§ About this exercise: All of the data that follows is to be printed exactly, without pictures.

§ Recorded information:
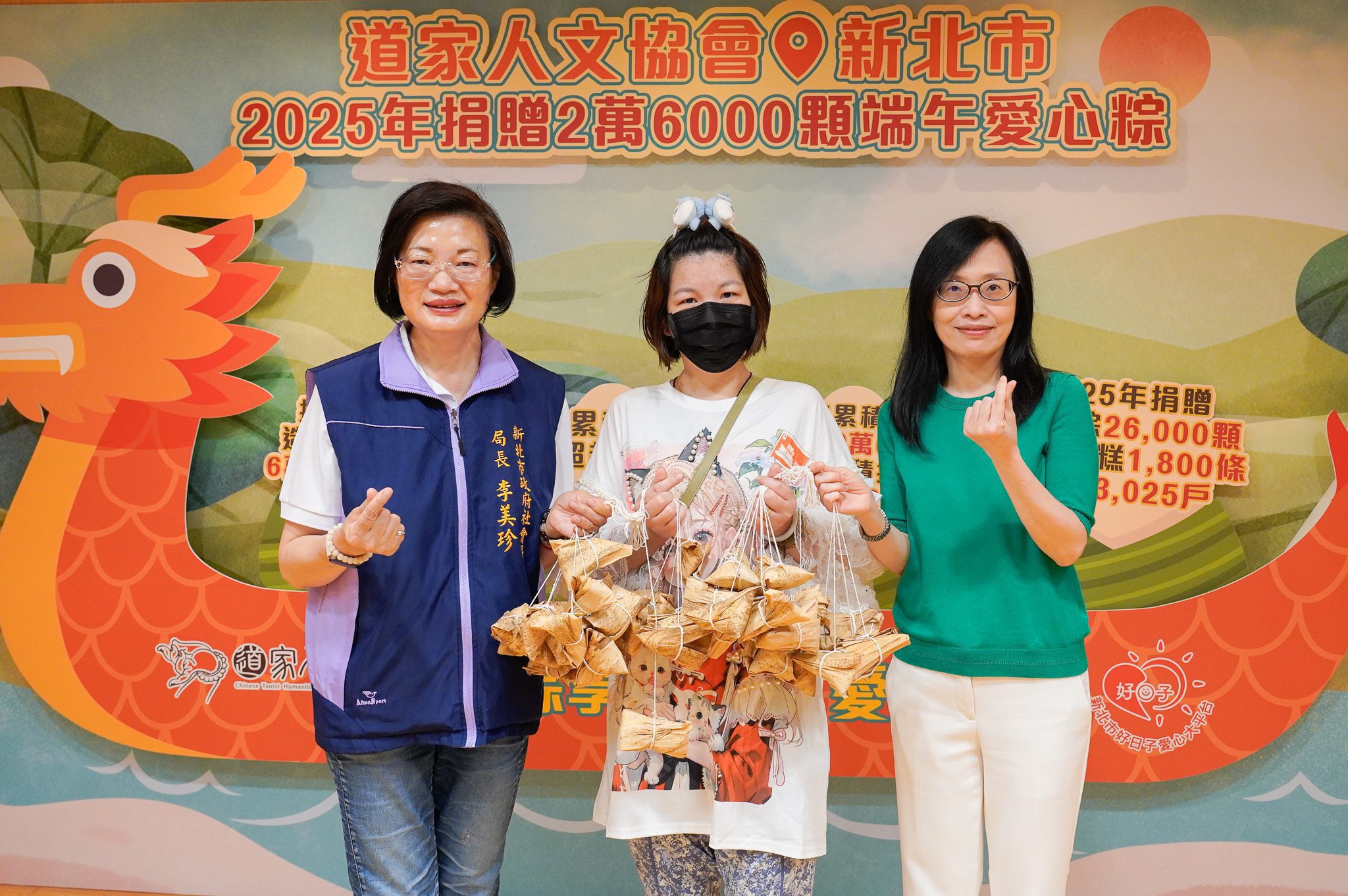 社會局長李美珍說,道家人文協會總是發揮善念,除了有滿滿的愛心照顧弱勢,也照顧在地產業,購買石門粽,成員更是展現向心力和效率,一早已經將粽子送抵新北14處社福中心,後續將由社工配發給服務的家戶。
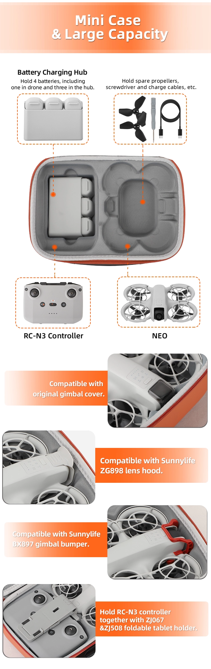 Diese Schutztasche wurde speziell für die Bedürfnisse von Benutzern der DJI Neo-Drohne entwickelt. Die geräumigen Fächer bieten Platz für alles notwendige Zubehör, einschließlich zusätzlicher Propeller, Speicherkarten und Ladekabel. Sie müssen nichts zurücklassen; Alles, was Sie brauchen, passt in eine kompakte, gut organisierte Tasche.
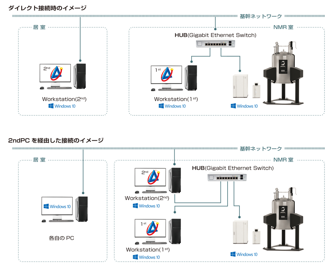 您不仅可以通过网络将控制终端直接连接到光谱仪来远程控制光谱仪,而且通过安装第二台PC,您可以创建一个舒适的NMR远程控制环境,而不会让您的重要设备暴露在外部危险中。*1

§ Completed task:
 社會局長李美珍說,道家人文協會總是發揮善念,除了有滿滿的愛心照顧弱勢,也照顧在地產業,購買石門粽,成員更是展現向心力和效率,一早已經將粽子送抵新北14處社福中心,後續將由社工配發給服務的家戶。
 Diese Schutztasche wurde speziell für die Bedürfnisse von Benutzern der DJI Neo-Drohne entwickelt. Die geräumigen Fächer bieten Platz für alles notwendige Zubehör, einschließlich zusätzlicher Propeller, Speicherkarten und Ladekabel. Sie müssen nichts zurücklassen; Alles, was Sie brauchen, passt in eine kompakte, gut organisierte Tasche.
 您不仅可以通过网络将控制终端直接连接到光谱仪来远程控制光谱仪,而且通过安装第二台PC,您可以创建一个舒适的NMR远程控制环境,而不会让您的重要设备暴露在外部危险中。*1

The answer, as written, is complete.